Глава 14. Миттельшпиль в Нью-Йорке

Спустя сутки. Бронкс. Нью-Йорк.

Утро выдалось на редкость малоприятным. Морозный воздух, пришедший с севера, гулял по прямым, как стрела, улицам Бронкса, заставляя редких прохожих кутаться в пальто и спешить по своим делам как можно скорее. Но на одной из улиц время словно остановилось. Здесь царила траур, разбавленный горьким запахом сажи и угля из бесчисленных труб домов.

Чёрный, лакированный катафалк с зеркально-блестящими бортами, запряжённый парой вороных лошадей с плюмажами на головах, полз, словно корабль по застывшему снежному морю. На козлах возница, закутанный в чёрный бушлат, лишь изредка щёлкал кнутом, и тот трещал в морозном воздухе с каким-то чуждым для воцарившейся тишины звуком. На катафалке среди цветов покоился гроб. Дубовый, тяжёлый, обитый тёмно-бордовым бархатом.

В гробу лежал Вольга. Погибший на чужой земле, оставаясь верным своему долгу и службе. Теперь его «пост» был окончен.

За катафалком, растянувшись на добрых полсотни метров, шла процессия. Несколько десятков мужчин в одинаковых тёмно-серых пальто и непокрытыми, несмотря на холод, головами. Шляпы покоились в руках. Люди будто двигались строем, их шаг был тяжёлым и мерным, словно все «поймали такт» в этом медленном последнем марше для их сослуживца. Это были сотрудники моего охранного агентства. Я же шёл за гробом. Не проводить Вольгу в последний путь я не мог. Он положил свою жизнь в фундамент хрупкого мирка, что я день за днём выстраивал здесь, на чужбине.

Бронкс молчаливо наблюдал. В окнах многоквартирных домов возникали лица — любопытные, задумчивые, недоумевающие. Дети замирали, прижавшись к матерям. Некоторым было невдомёк: кого хоронят с такими почестями. Но значительная часть мигрантов из России, вырвавшихся из кровавого вихря Гражданской войны, знали, что в гробу лежит человек, принадлежащий к когорте тех, кто незримо оберегает их сон и спокойствие в Бронксе.
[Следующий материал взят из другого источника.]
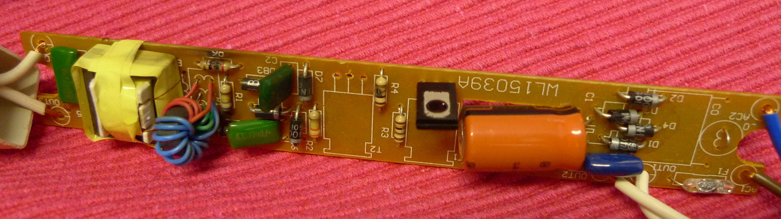 (jinač, má vyhořelé 4 z 5ti odporů, pojistka a oba tranzistory. Kondíky se zdají být ok. Diody jsou taky ok(a nevím ten driak) )

Это боро Нью-Йорка уже достаточно хорошо понимало — кто является истинным хозяином района. В офис «Соколов и Ко» периодически приходили за помощью. Скоро заработает местный «совет общины», что разгрузит моих людей. Я буду финансировать его и опосредованно помогать соотечественникам в мелких бытовых делах.

Катафалк свернул и, утопая колёсами в рыхлом, грязном снегу, остановился перед заснеженной дорожкой ко входу на кладбище.

Возница спрыгнул с козел, щёлкнул замками бортов, и шестеро мужчин из «свиты», включая капитана Синицына, подошли к повозке. Их движения были чётко выверены. Трое с одной стороны, трое с другой. Одновременный глубокий вдох. Тихий, отрывистый счёт Синицына. И тяжёлый гроб лёг на плечи.

Они понесли его по дороге к свежевырытой могиле, чёрная яма которой зияла на белом поле, как незажившая рана. Шаг их был медленным и торжественным. Снег хрустел под сапогами. Капитан Синицын, державший правый передний угол, угрюмо смотрел прямо перед собой.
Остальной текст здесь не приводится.